==== Records provided ====

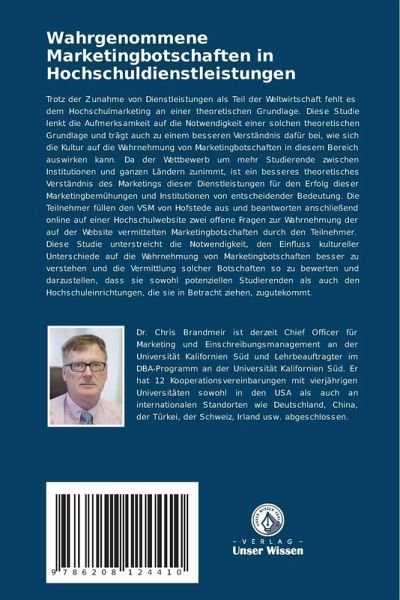 Trotz der Zunahme von Dienstleistungen als Teil der Weltwirtschaft fehlt es dem Hochschulmarketing an einer theoretischen Grundlage. Diese Studie lenkt die Aufmerksamkeit auf die Notwendigkeit einer solchen theoretischen Grundlage und trägt auch zu einem besseren Verständnis dafür bei, wie sich die Kultur auf die Wahrnehmung von Marketingbotschaften in diesem Bereich auswirken kann. Da der Wettbewerb um mehr Studierende zwischen Institutionen und ganzen Ländern zunimmt, ist ein besseres theoretisches Verständnis des Marketings dieser Dienstleistungen für den Erfolg dieser Marketingbemühungen und Institutionen von entscheidender Bedeutung. Die Teilnehmer füllen den VSM von Hofstede aus und beantworten anschließend online auf einer Hochschulwebsite zwei offene Fragen zur Wahrnehmung der auf der Website vermittelten Marketingbotschaften durch den Teilnehmer. Diese Studie unterstreicht die Notwendigkeit, den Einfluss kultureller Unterschiede auf die Wahrnehmung von Marketingbotschaften besser zu verstehen und die Vermittlung solcher Botschaften so zu bewerten und darzustellen, dass sie sowohl potenziellen Studierenden als auch den Hochschuleinrichtungen, die sie in Betracht ziehen, zugutekommt.
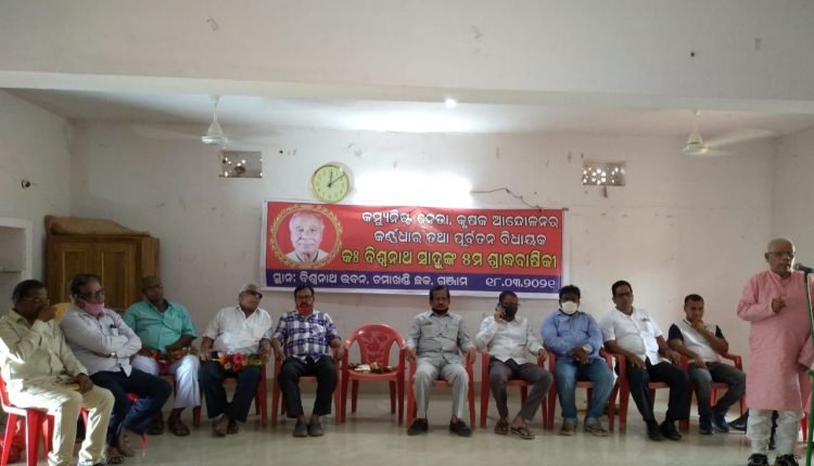ସିପିଆଇ ନେତା, କୃଷକ ଆନ୍ଦୋଳନର କର୍ଣ୍ଣଧାର ତଥା ଛତ୍ରପୁର ପୂର୍ବତନ ବିଧାୟକ ସାଥି ବିଶ୍ୱନାଥ ସାହୁଙ୍କ ୫ମ ଶ୍ରାଦ୍ଧ ବାର୍ଷିକ ଚମାଖଣ୍ଡି ଛକ ସ୍ଥିତ ବିଶ୍ୱନାଥ ଭବନ ଠାରେ ଅନୁଷ୍ଠିତ । ଛବିରେ ଖବର By PPT NEWS Last updated Mar 18, 2021 0 488 Share 0 488 Share
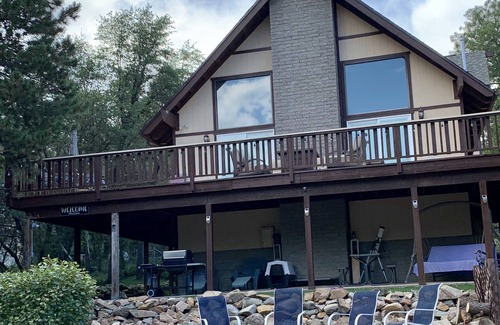 This 1500 sq ft fully furnished Two bedroom ( each has a queen size bed) with fully stocked kitchen, family room (has a queen bed/ futon couch), bathroom are in the downstairs of this large A-Frame house in the woods. Only 6 miles (12 min) from the Courthouse on Whiskey Row which is the center of town in Prescott. The downstairs has a separate entrance with everything you need to host a group of 7 people. The decor is all actual artifacts and artwork from Africa, Peru and Australia. This house is extremely clean, quiet, very comfortable with amazing views. The owner lives in the house above
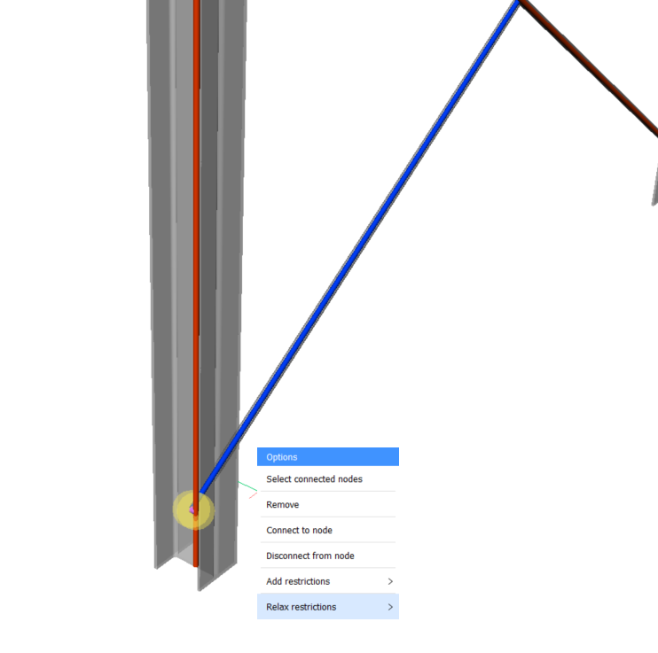 - In der interaktiven Vorschau des analytischen Modells wurden die Säulenachsen in Richtung der Profilgrenzen verschoben. In diesem Schritt zentrieren Sie die Achse der Säulen. Klicken Sie dazu auf die Achse der Säule, klicken Sie auf Einschränkungen hinzufügen und dann auf Zur Mitte. Dadurch werden starre Verbindungen sehr lokal eingeführt.
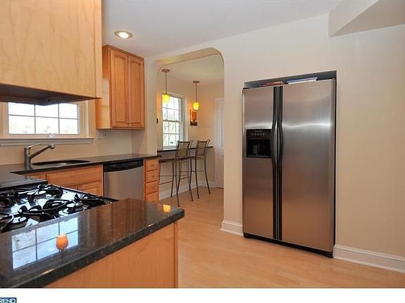 Updated charming classic colonial home in sought after neighborhood in walk-to-Wayne location in Radnor Township. New Kraftmaid kitchen with granite countertops, stainless steel appliances and breakfast bar. Large living room with hardwood floors and arched entrance to formal dining room with built-in shelves. New sliding glass door to new expansive deck overlooking picturesque backyard. Large master bedroom with closet and access to floored attic, three spacious additional bedrooms with updated hall bath. Freshly painted, hardwood floors throughout, Hunter Douglas wood blinds throughout. Full basement with new windows, play/recreation area, laundry and access to rear yard. Newer windows, new shutters, new gutters and downspouts and new exterior lighting and a wonderful large lot with beautiful landscaping make this home a gem. Convenient location is walking distance to town of Wayne for dining and shopping, train and farmer's market and to all major highways for communting to Center City and the airport.
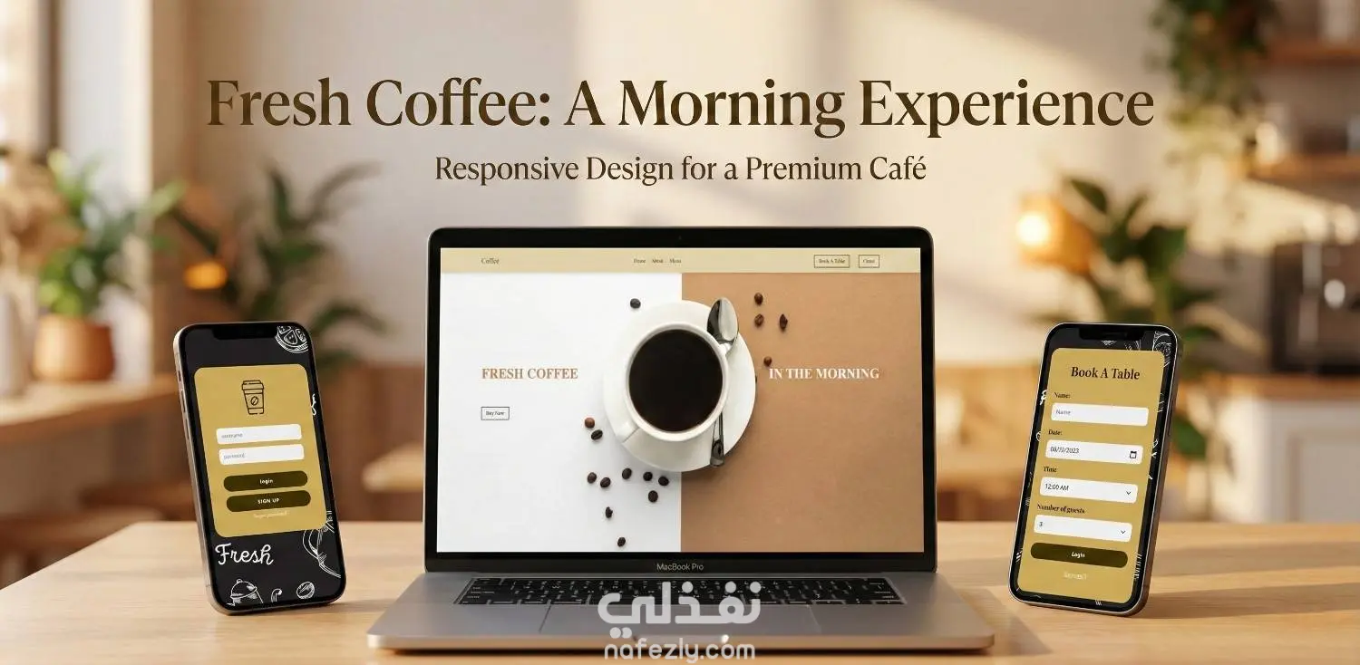تم تصميم الواجهة بأسلوب حديث وبسيط مع ألوان دافئة تعكس جو المقاهي الهادئ والمريح.
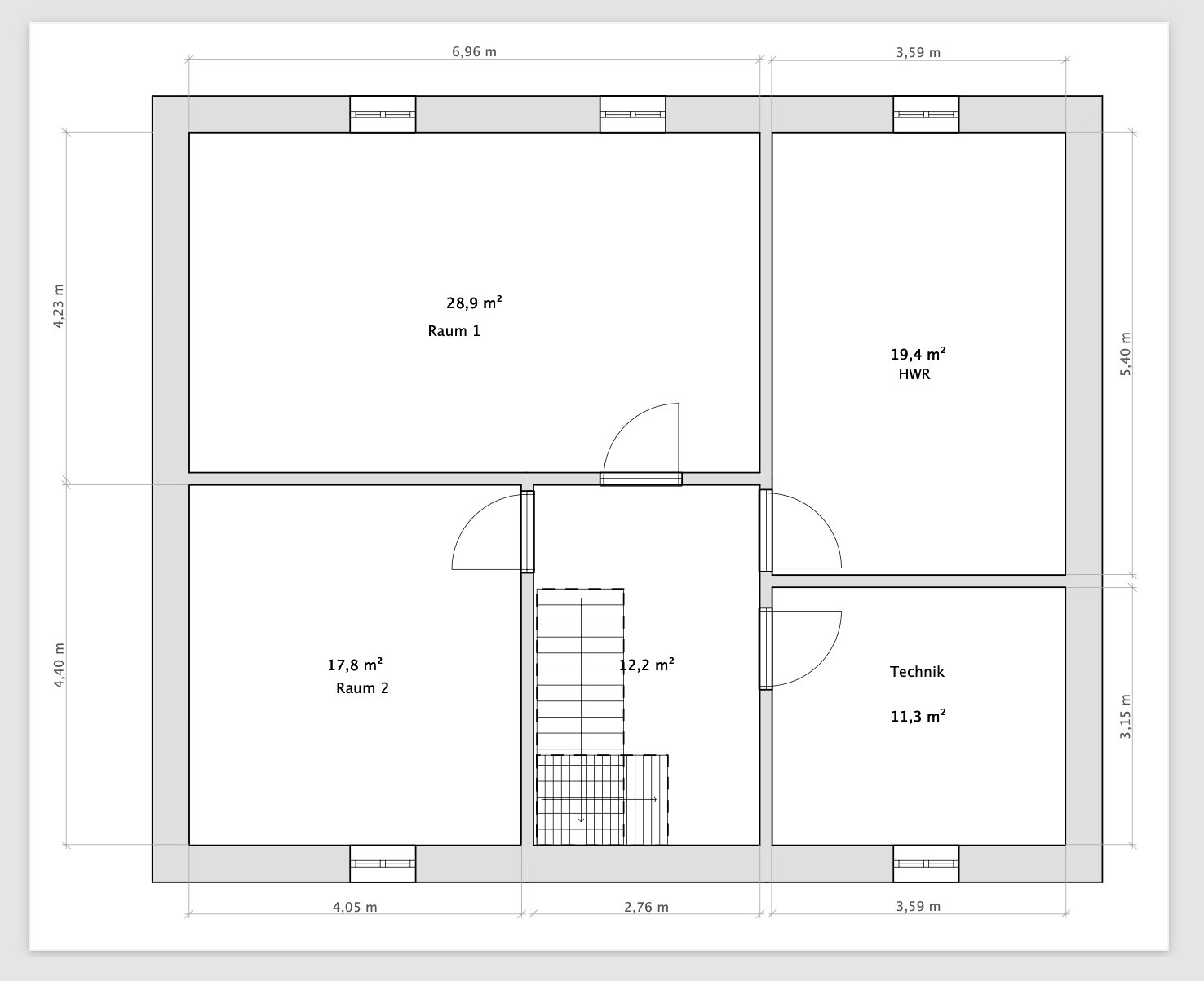 - Fenster sind im Plan alles andere als final - bisher mehr oder weniger Platzhalter, ohne exakte Maße zu kennen - ergo auch noch unpassende Abstände zueinander etc
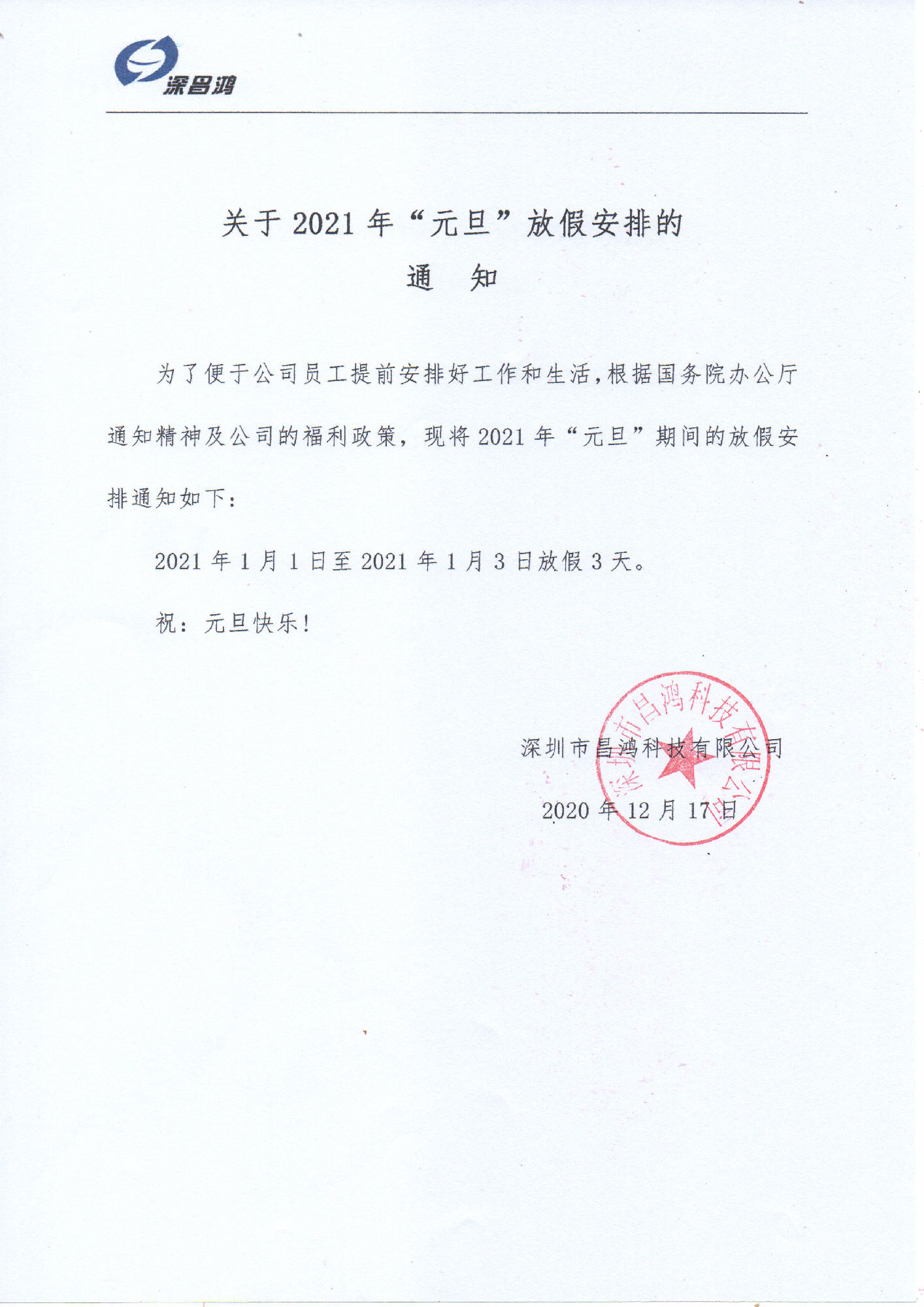 為了便于公司員工提前安排好工作和生活,根據(jù)國(guó)務(wù)院辦公廳通知精神及公司的福利政策,現(xiàn)將2021年“元旦”期間的放假安排通知如下:

====

→ Directions for this task
Leaving the pictures aside, write out the entries above exactly.

→ Result of the task
 Trotz der Zunahme von Dienstleistungen als Teil der Weltwirtschaft fehlt es dem Hochschulmarketing an einer theoretischen Grundlage. Diese Studie lenkt die Aufmerksamkeit auf die Notwendigkeit einer solchen theoretischen Grundlage und trägt auch zu einem besseren Verständnis dafür bei, wie sich die Kultur auf die Wahrnehmung von Marketingbotschaften in diesem Bereich auswirken kann. Da der Wettbewerb um mehr Studierende zwischen Institutionen und ganzen Ländern zunimmt, ist ein besseres theoretisches Verständnis des Marketings dieser Dienstleistungen für den Erfolg dieser Marketingbemühungen und Institutionen von entscheidender Bedeutung. Die Teilnehmer füllen den VSM von Hofstede aus und beantworten anschließend online auf einer Hochschulwebsite zwei offene Fragen zur Wahrnehmung der auf der Website vermittelten Marketingbotschaften durch den Teilnehmer. Diese Studie unterstreicht die Notwendigkeit, den Einfluss kultureller Unterschiede auf die Wahrnehmung von Marketingbotschaften besser zu verstehen und die Vermittlung solcher Botschaften so zu bewerten und darzustellen, dass sie sowohl potenziellen Studierenden als auch den Hochschuleinrichtungen, die sie in Betracht ziehen, zugutekommt.
ସିପିଆଇ ନେତା, କୃଷକ ଆନ୍ଦୋଳନର କର୍ଣ୍ଣଧାର ତଥା ଛତ୍ରପୁର ପୂର୍ବତନ ବିଧାୟକ ସାଥି ବିଶ୍ୱନାଥ ସାହୁଙ୍କ ୫ମ ଶ୍ରାଦ୍ଧ ବାର୍ଷିକ ଚମାଖଣ୍ଡି ଛକ ସ୍ଥିତ ବିଶ୍ୱନାଥ ଭବନ ଠାରେ ଅନୁଷ୍ଠିତ । ଛବିରେ ଖବର By PPT NEWS Last updated Mar 18, 2021 0 488 Share 0 488 Share
 This 1500 sq ft fully furnished Two bedroom ( each has a queen size bed) with fully stocked kitchen, family room (has a queen bed/ futon couch), bathroom are in the downstairs of this large A-Frame house in the woods. Only 6 miles (12 min) from the Courthouse on Whiskey Row which is the center of town in Prescott. The downstairs has a separate entrance with everything you need to host a group of 7 people. The decor is all actual artifacts and artwork from Africa, Peru and Australia. This house is extremely clean, quiet, very comfortable with amazing views. The owner lives in the house above
 - In der interaktiven Vorschau des analytischen Modells wurden die Säulenachsen in Richtung der Profilgrenzen verschoben. In diesem Schritt zentrieren Sie die Achse der Säulen. Klicken Sie dazu auf die Achse der Säule, klicken Sie auf Einschränkungen hinzufügen und dann auf Zur Mitte. Dadurch werden starre Verbindungen sehr lokal eingeführt.
 Updated charming classic colonial home in sought after neighborhood in walk-to-Wayne location in Radnor Township. New Kraftmaid kitchen with granite countertops, stainless steel appliances and breakfast bar. Large living room with hardwood floors and arched entrance to formal dining room with built-in shelves. New sliding glass door to new expansive deck overlooking picturesque backyard. Large master bedroom with closet and access to floored attic, three spacious additional bedrooms with updated hall bath. Freshly painted, hardwood floors throughout, Hunter Douglas wood blinds throughout. Full basement with new windows, play/recreation area, laundry and access to rear yard. Newer windows, new shutters, new gutters and downspouts and new exterior lighting and a wonderful large lot with beautiful landscaping make this home a gem. Convenient location is walking distance to town of Wayne for dining and shopping, train and farmer's market and to all major highways for communting to Center City and the airport.
تم تصميم الواجهة بأسلوب حديث وبسيط مع ألوان دافئة تعكس جو المقاهي الهادئ والمريح.
 - Fenster sind im Plan alles andere als final - bisher mehr oder weniger Platzhalter, ohne exakte Maße zu kennen - ergo auch noch unpassende Abstände zueinander etc
 為了便于公司員工提前安排好工作和生活,根據(jù)國(guó)務(wù)院辦公廳通知精神及公司的福利政策,現(xiàn)將2021年“元旦”期間的放假安排通知如下:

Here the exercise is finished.